March 22, 2009 by admin

Math doesn’t lie. When you add 1 + 1 you get 2. Subtract 1 from 2 and you get 1. Big surprise right? One of the most common things that I hear people mention when it comes to owning real estate is how important tax deductions are to their financial health. If you employ simple mathematics to this myth, you’ll see how ridiculous the logic is that tell you tax deductions make sense, because they don’t.

Let’s say you owe the bank $100,000.00 with an annual interest rate of 5%, and your income is $30,000/year. 5% of $100,000.00 is $5,000.00. That means at the end of the year, when you file your taxes, you’ll be able to reduce your taxable income from $30,000.00 to $25,000.00.

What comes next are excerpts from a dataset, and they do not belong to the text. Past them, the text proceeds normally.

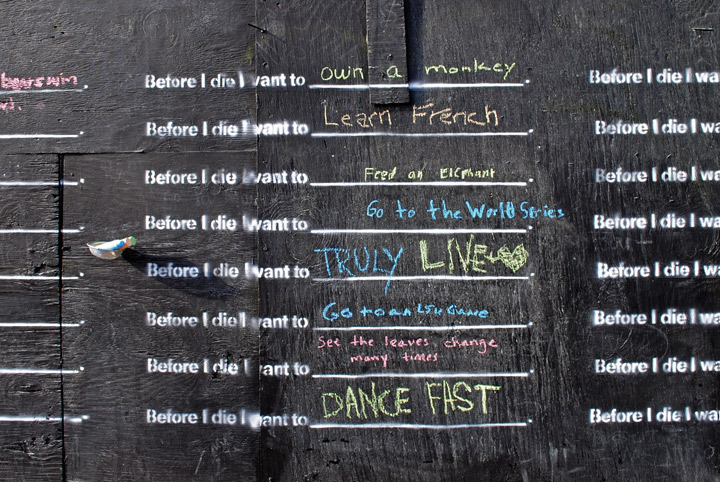 During our last writing retreat, Barbara Goldsmith led the group in a prompt writing session. She brought blank slips of paper inspired by Candy Chang to inspire others to document on the statement: “Before I die, I want to…”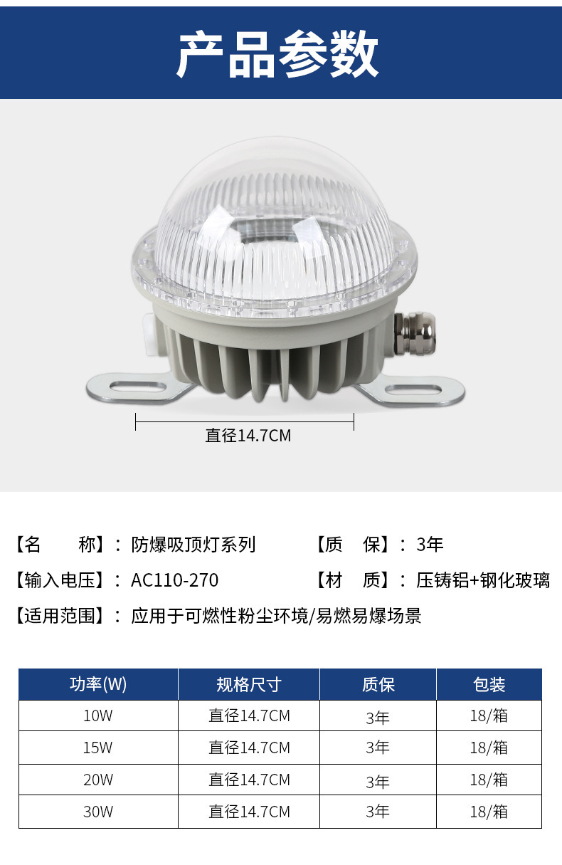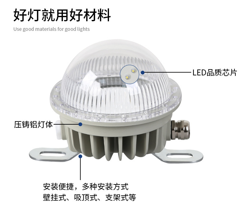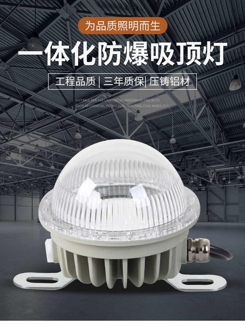Lampu langit-langit LED tahan ledakan, lampu darurat 36v 15W 20W untuk bengkel gudang tanaman Gas bulat tahan ledakan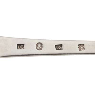 James Glen, marked to stem IG, Glasgow town mark, IG, S, of bold large ribbed Hanoverian pattern with engraved script initials to reverse of terminal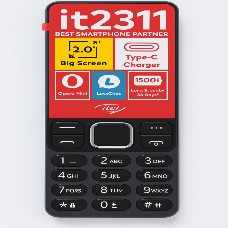 The Itel IT2311 is a feature phone that supports dual SIM operation on 2G GSM networks. It has a 2.4 inch TFT display, a large capacity battery for extended use, wireless FM radio, a rear camera, expandable memory, USB charging, and a built-in torchlight for everyday communication.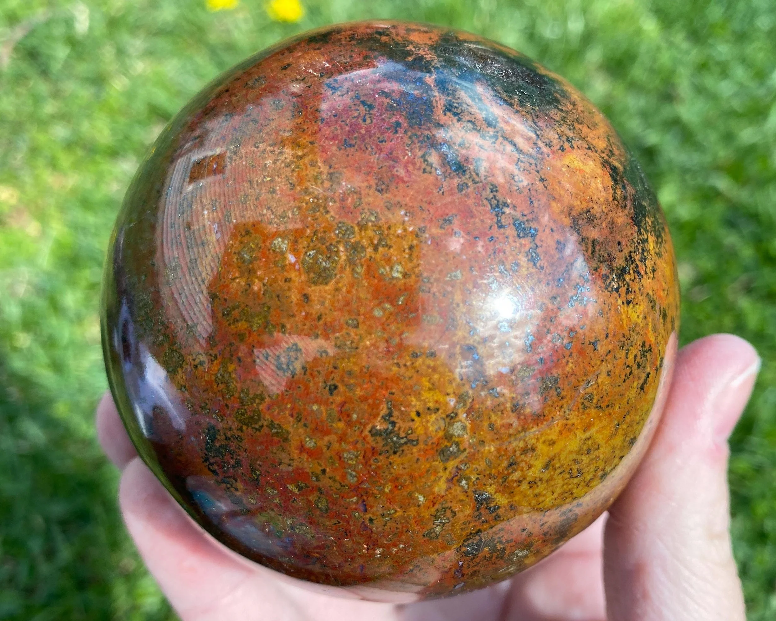 This is a magnificent sphere of Ocean Jasper! It has beautiful coloring of deepreds and pinks with greens, oranges, yellows and purples all around. Very lovely and aesthetic. <3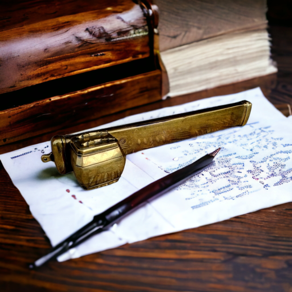 The form is compact yet refined, with a shaped base, integrated inkwell, and slot for a quill. Brass was favoured for its durability and aesthetic warmth, often used in personal deskware and clerical instruments. Such items were essential in courts, libraries, and merchant offices, where legibility and permanence were paramount.

On a $30,000.00 annual income, you fall in the 15% tax bracket. $5,000.00 of your annual income was paid to the bank, and you’ll never see it again. The real savings to you in this example, since your tax bracket is 15%, is 15% of $5,000.00 which is $750.00.

In short, you spent $5000.00 to save $750.00. Your net result is a loss of $4250.00 in real cash. If you think that keeping your home mortgage means that you’ll benefit because you’ll be able to take a write-off, I’d be happy to pay you $750.00 as soon as your check to me for $5000.00 clears the bank.

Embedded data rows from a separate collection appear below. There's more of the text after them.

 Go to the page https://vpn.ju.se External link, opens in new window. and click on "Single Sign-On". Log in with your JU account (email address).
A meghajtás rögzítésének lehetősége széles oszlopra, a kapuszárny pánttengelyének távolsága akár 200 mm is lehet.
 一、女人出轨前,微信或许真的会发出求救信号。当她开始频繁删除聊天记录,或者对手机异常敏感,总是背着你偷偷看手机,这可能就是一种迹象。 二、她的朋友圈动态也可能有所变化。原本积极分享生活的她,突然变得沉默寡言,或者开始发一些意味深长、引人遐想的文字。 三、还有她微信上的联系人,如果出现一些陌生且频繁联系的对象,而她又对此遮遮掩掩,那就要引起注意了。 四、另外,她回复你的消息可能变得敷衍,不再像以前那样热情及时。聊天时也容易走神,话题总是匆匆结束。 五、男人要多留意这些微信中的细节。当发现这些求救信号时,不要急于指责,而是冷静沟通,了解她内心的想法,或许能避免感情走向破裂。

Filed Under: Stupid Tax Tagged With: income, interest, mortgage, save, savings

Cash is King: Lower the Rate

February 13, 2009 by admin

(Note: I’ll preface this by letting you know that a credit card is the devil.)

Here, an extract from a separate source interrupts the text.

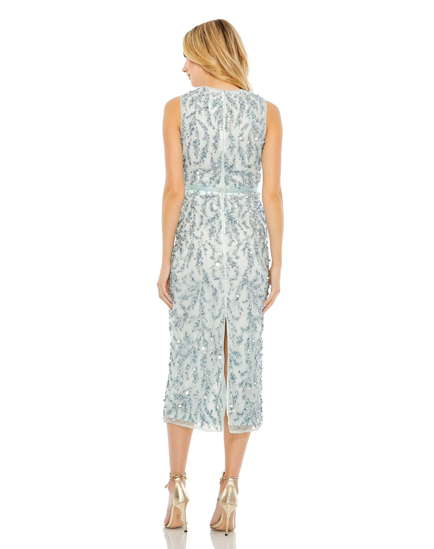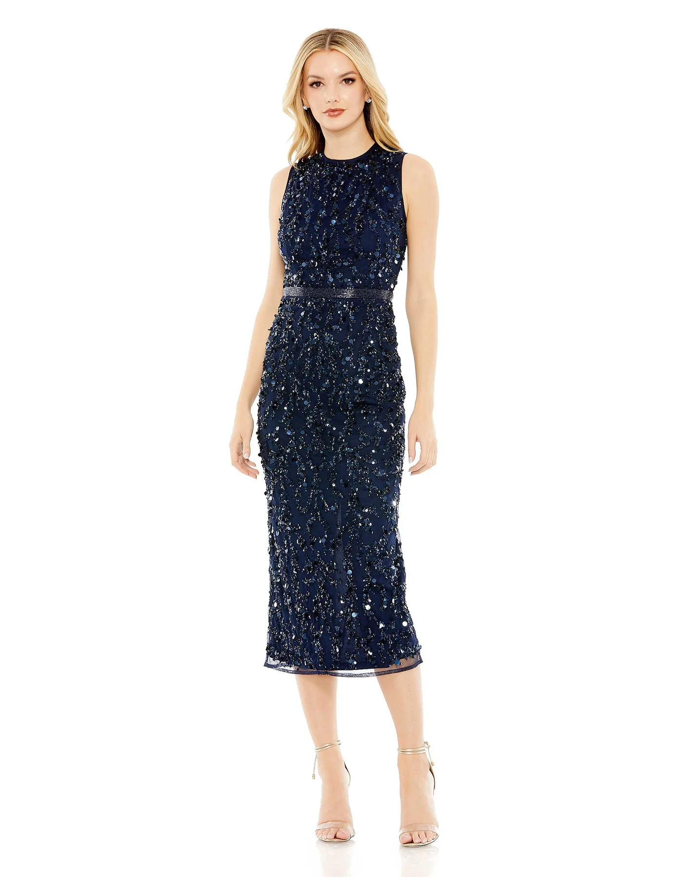 SEQUINED SLEEVELESS HIGH NECK MIDI DRESS

Today, while using a credit card that I usually use, that I’ve had for over 10 years, which has a limit over $20,000, to pay an important bill, I was declined.

What?  Declined?  How can that be?  Here’s how.  My credit card company (AT&T Universal Card), in their infinite wisdom, made an executive decision to tighten my credit line to the balance on my account.  In a time when Cash for structured settlements
is king, and required to continue moving the parts of the machine that allow me to make an income, the last thing you want to have happen is this, as it completely eliminates your cashflow.  When I asked them why, they told me they ran a check on my credit report.  Why would they do that?  I don’t believe they did it.  I think they’re just telling us that and the real story is that they’re scared to death that they’re too exposed.  That’s fine and dandy and all, and they have every right to do so, but let’s be reasonable here!  No letter, no phone call, no notification at all.  Ask forgiveness instead of permission right?  Get this…I was paying my AT&T phone bill with my AT&T credit card!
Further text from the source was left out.